Data do not need to be protected. Science, all academic study, is eventually self-correcting. We should have confidence in the robustness of the scientific process, an essential element of which is the greatest possible openness. Paternalistic protection of rows of numbers serves no one other than those with something to hide.

If the PIs are allowed to create this duty of care based on participants’ interest, then every trial investigator will be free to claim it. Drug companies and homeopaths will be able to hide behind this wall, but so will anyone who has conducted a trial using human subjects in medicine, science, psychology, economics, law, philosophy… Every field.

The PACE trial has had a massive impact. It has shaped public policy and perception of the illness in the UK. It has been referenced by health bodies around the world. The findings and the model it purports to evidence have been supported by Professor Sir Simon Wessely, the Lancet and its editor, Richard Horton, NICE, NHS Choices, the Science Media Centre, Sense About Science (UK) and most of the British media, including, for example, Tom Feilden of the BBC.

Patients who challenged the study and rejected the illness model were portrayed as science deniers who were unwilling or unable to accept the truth of their illness, desperate to avoid the stigma of mental illness, erroneously clinging to a false mind/body dualism. They were accused of waging personal vendettas against the PIs and Wessely in particular.

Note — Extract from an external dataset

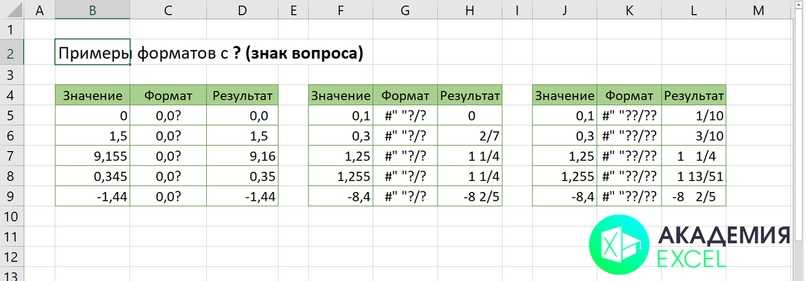 Вопросительный знак (?) Аналогичен нулю, но отображает пробелы для незначащих нулей по обе стороны от разделителя. Используется для выравнивания цифр. Когда знак вопроса занимает место, которое не требуется в количестве, будет добавлено пространство для поддержания визуального выравнивания. Используется также в дробях с переменным количеством знаков.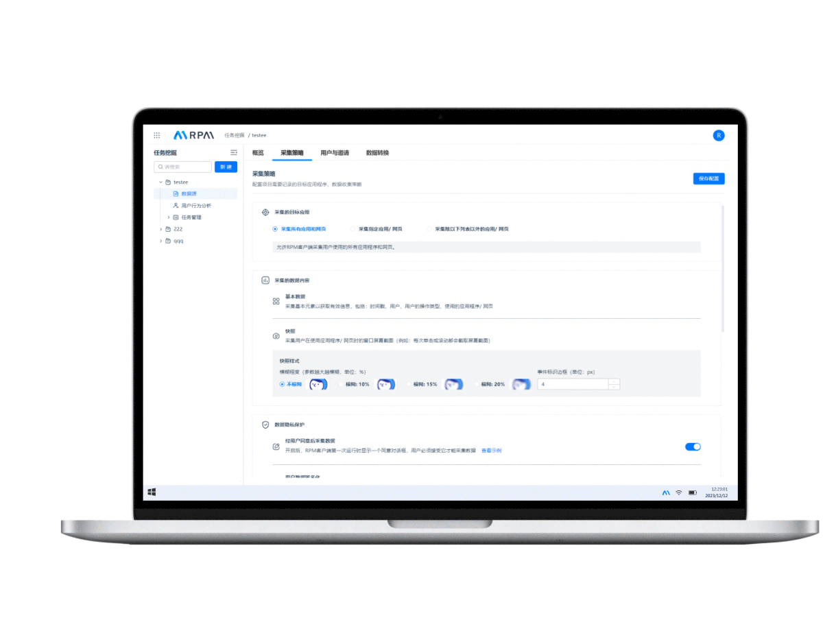 幫助企業深入、真實、準確的了解員工日常的桌面操作行為,并及時發現和識別新的自動化機會。它通過智能化拾取員工的桌面操作日志,如:鼠標、鍵盤等操作,基于計算機視覺、機器學習、數據挖掘等技術對每個員工的操作數據進行分析,快速識別一切值得自動化的高頻任務流。

Then about 18 months ago things started to change: separate reports, here and here, to the US NIH and IOM rejected the psychogenic model and pretty much supported everything patients have been saying for decades. Prominent scientists, Lipkin and Hornig from Columbia, Montoya from Stanford and Komaroff from Harvard Universities have been investigating the illness and finding more and more evidence of physiological changes in patients. The NIH has recently announced a multi-million dollar project to study ME as a biological illness. After a small but successful trial of Rituximab, an editorial in New Scientist talked of the scientific story’s being brought full circle, back to the ‘post-viral’ approach of 25 years ago. Alongside Tuller’s blogs and Coyne’s interventions, 40 doctors and scientists wrote an open letter to the Lancet asking for the PACE trial data to be released for analysis. Amongst others, neuroscientist Keith Laws, statistician Andrew Gelman and biologist and campaigner against scientific fraud Leonid Schneider have all posed questions about PACE and its follow-up studies. Professor of mathematical sciences Rebecca Goldin took a detailed look at PACE for  the website jointly run by the American Statistical Association and Sense About Science America. Her conclusion was that ‘flaws in this design were enough to doom its results from the start’.

It is estimated that 250,000 patients suffer from ME in the UK. For their sake, the data need to be released and the questions over the trial answered. For everyone’s sake, the PACE PIs cannot be allowed to introduce a restriction on access to data that would act as a massive constraint on a great deal of academic research.